#### What you should do
In the entries below, which lines run from the one containing "Лубрикант на водной" to the one containing "Die Jacke, Hose, Mütze"? Copy exactly those lines, ends included, and no others.
── Data for this exercise ──
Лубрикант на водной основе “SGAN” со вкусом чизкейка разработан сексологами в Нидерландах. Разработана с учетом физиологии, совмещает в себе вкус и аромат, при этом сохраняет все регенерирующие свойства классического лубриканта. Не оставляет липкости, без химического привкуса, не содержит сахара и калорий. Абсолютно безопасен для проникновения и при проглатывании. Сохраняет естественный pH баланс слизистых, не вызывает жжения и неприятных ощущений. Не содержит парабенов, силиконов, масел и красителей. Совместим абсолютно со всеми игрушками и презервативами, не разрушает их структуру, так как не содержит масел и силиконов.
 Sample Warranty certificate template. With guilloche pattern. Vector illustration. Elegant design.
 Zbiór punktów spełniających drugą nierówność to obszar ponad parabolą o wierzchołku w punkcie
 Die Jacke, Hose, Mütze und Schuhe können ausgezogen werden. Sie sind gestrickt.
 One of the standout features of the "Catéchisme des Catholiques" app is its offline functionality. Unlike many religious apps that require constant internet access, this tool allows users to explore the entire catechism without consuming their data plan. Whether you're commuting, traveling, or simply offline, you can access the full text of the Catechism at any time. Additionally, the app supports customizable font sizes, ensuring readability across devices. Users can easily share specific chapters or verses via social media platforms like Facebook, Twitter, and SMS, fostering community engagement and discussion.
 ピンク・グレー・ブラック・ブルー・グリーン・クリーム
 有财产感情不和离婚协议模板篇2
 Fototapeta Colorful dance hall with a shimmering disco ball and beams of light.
───
── Data for this exercise ──
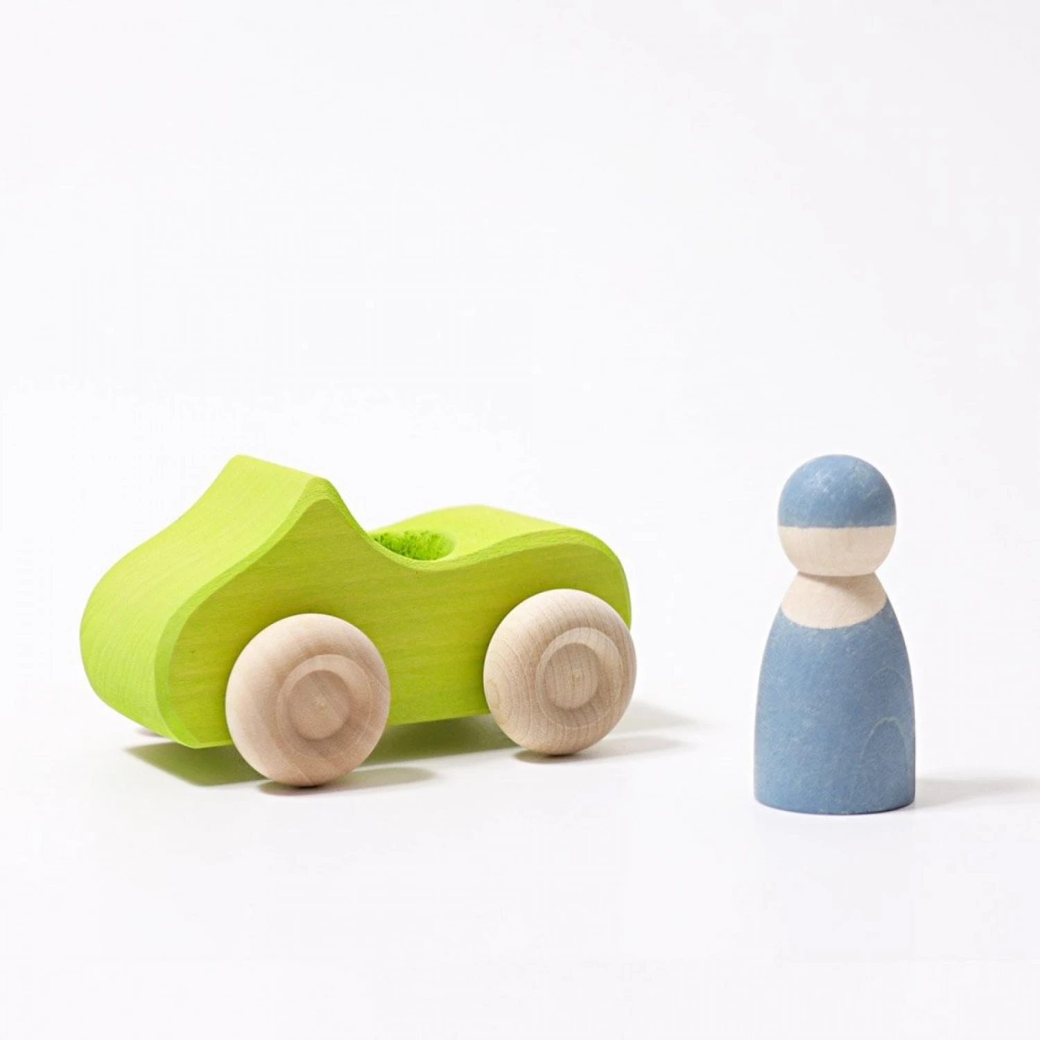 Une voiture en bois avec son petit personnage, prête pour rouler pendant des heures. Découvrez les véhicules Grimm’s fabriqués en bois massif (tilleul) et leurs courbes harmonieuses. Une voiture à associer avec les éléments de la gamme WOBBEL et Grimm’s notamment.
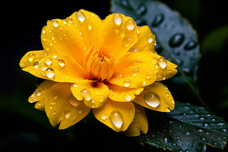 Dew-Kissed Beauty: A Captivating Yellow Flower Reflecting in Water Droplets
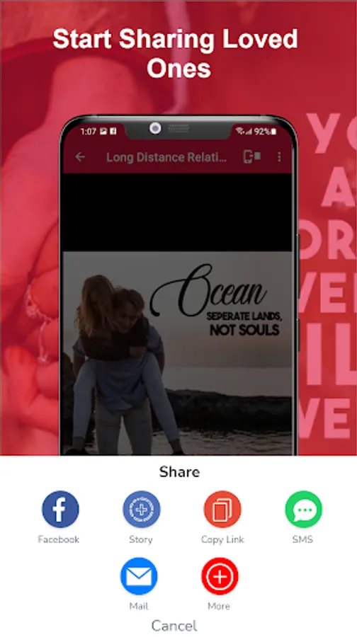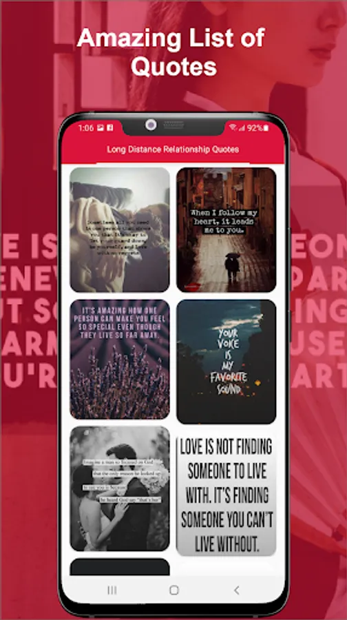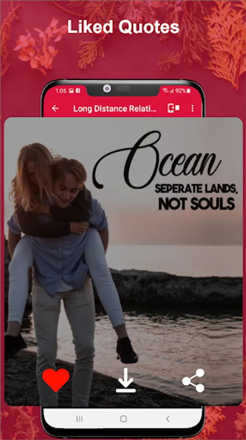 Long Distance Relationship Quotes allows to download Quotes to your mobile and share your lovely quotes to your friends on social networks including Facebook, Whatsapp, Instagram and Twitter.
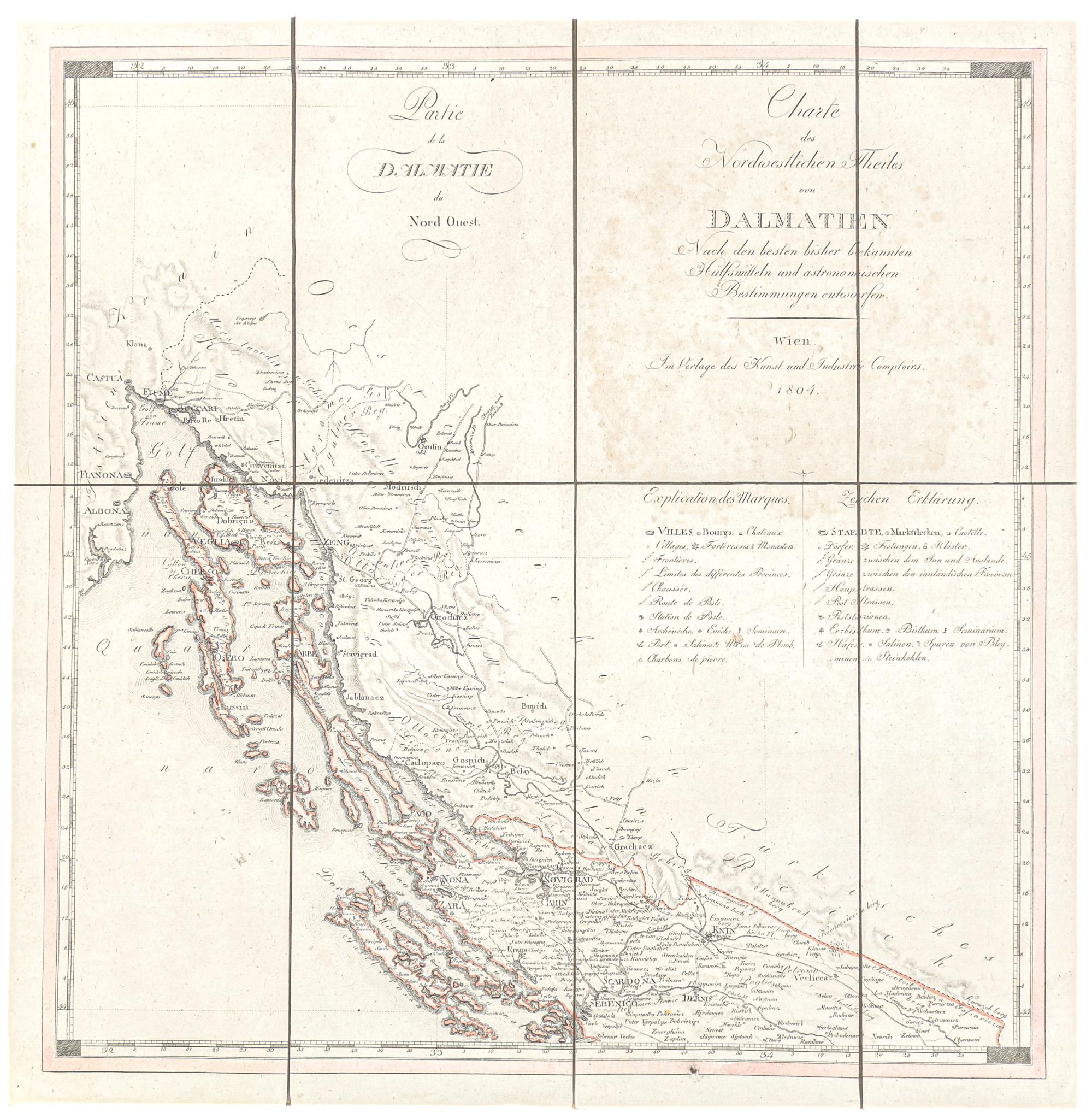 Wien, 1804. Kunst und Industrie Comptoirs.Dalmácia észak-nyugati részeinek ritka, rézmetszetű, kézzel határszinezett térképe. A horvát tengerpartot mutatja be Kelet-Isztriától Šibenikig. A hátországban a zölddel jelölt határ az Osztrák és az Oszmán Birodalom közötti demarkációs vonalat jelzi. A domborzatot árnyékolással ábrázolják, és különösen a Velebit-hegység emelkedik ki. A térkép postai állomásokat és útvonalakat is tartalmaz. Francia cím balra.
───
#### Answer to this task
Лубрикант на водной основе “SGAN” со вкусом чизкейка разработан сексологами в Нидерландах. Разработана с учетом физиологии, совмещает в себе вкус и аромат, при этом сохраняет все регенерирующие свойства классического лубриканта. Не оставляет липкости, без химического привкуса, не содержит сахара и калорий. Абсолютно безопасен для проникновения и при проглатывании. Сохраняет естественный pH баланс слизистых, не вызывает жжения и неприятных ощущений. Не содержит парабенов, силиконов, масел и красителей. Совместим абсолютно со всеми игрушками и презервативами, не разрушает их структуру, так как не содержит масел и силиконов.
 Sample Warranty certificate template. With guilloche pattern. Vector illustration. Elegant design.
 Zbiór punktów spełniających drugą nierówność to obszar ponad parabolą o wierzchołku w punkcie
 Die Jacke, Hose, Mütze und Schuhe können ausgezogen werden. Sie sind gestrickt.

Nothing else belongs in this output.